Después de tantos años de estudio y de llevar la llamada vida religiosa, la mejor manera que Ignacio encontró para explicar todo lo que lo angustiaba y asustaba fue admitir que los seres humanos nos encontrábamos indefensos para controlar las poderosas fuerzas desatadas por la naturaleza. La humanidad no había encontrado otro recurso que inventar la idea de Dios para justificar la aparente futilidad del esfuerzo humano, especialmente cuando intentamos sondear de manera infructuosa en el misterio de lo que pasa después de que la carne se pudre y vuelve a ser parte de la tierra. Así que dimos el siguiente paso al frente e imaginamos una vida después de la muerte en la cual las cosas tenían sentido, e inventamos una religión para que pudiéramos convencernos de que Dios había enviado a su único hijo como una señal de que se sentía arrepentido por la fragilidad de los seres humanos y del mundo que Él había creado.

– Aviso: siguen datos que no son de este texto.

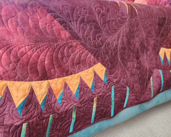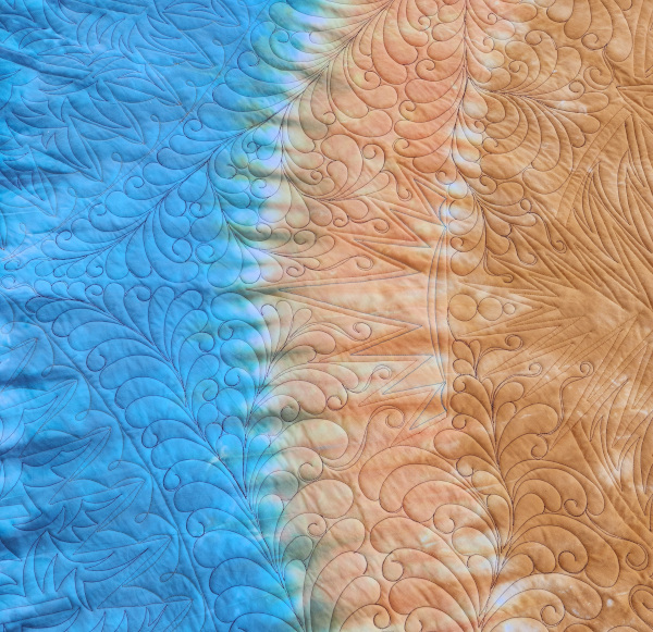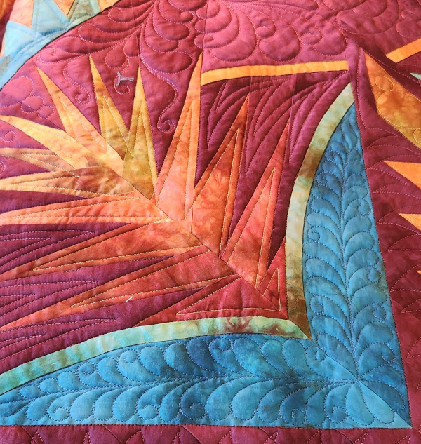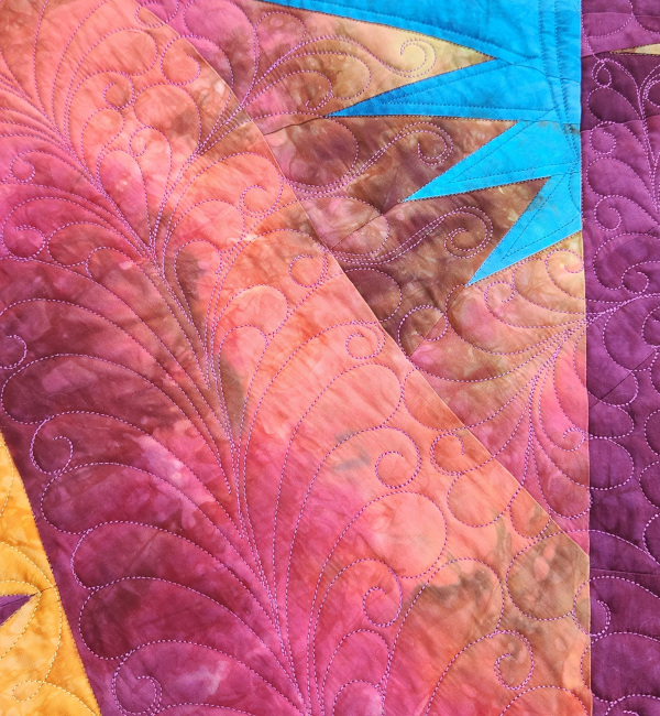 It was quilted with Superior Magnifico thread on top and So Fine on the bottom. Click on any of these photos to see a close up of some of the quilting sections. I picked 3 major motifs: feathers, spikes and circles and use those all over the quilt.

Entonces ahora dependía de nosotros dar esperanza a otros que estaban sufriendo, ayudarlos de cualquier manera que pudiéramos, y no por otra razón que la de que todas las creaciones de Dios necesitan ser cuidadas y que anhelan un consuelo. El sacerdocio, se dijo Ignacio, es tan bueno como cualquier otra cosa para ayudar a calmar el dolor que la vida nos exige a cambio de la dudosa recompensa de vivir.

Ignacio dejó Palos convencido de que no importaba cuánto lo intentara, nunca podría creer en Dios. Pero tal vez, sólo quizá, sin importar sus creencias o la falta de ellas, podría ayudar a aquellos que necesitaban la idea de un Dios, y guiarlos y alentarlos mientras lo buscaban.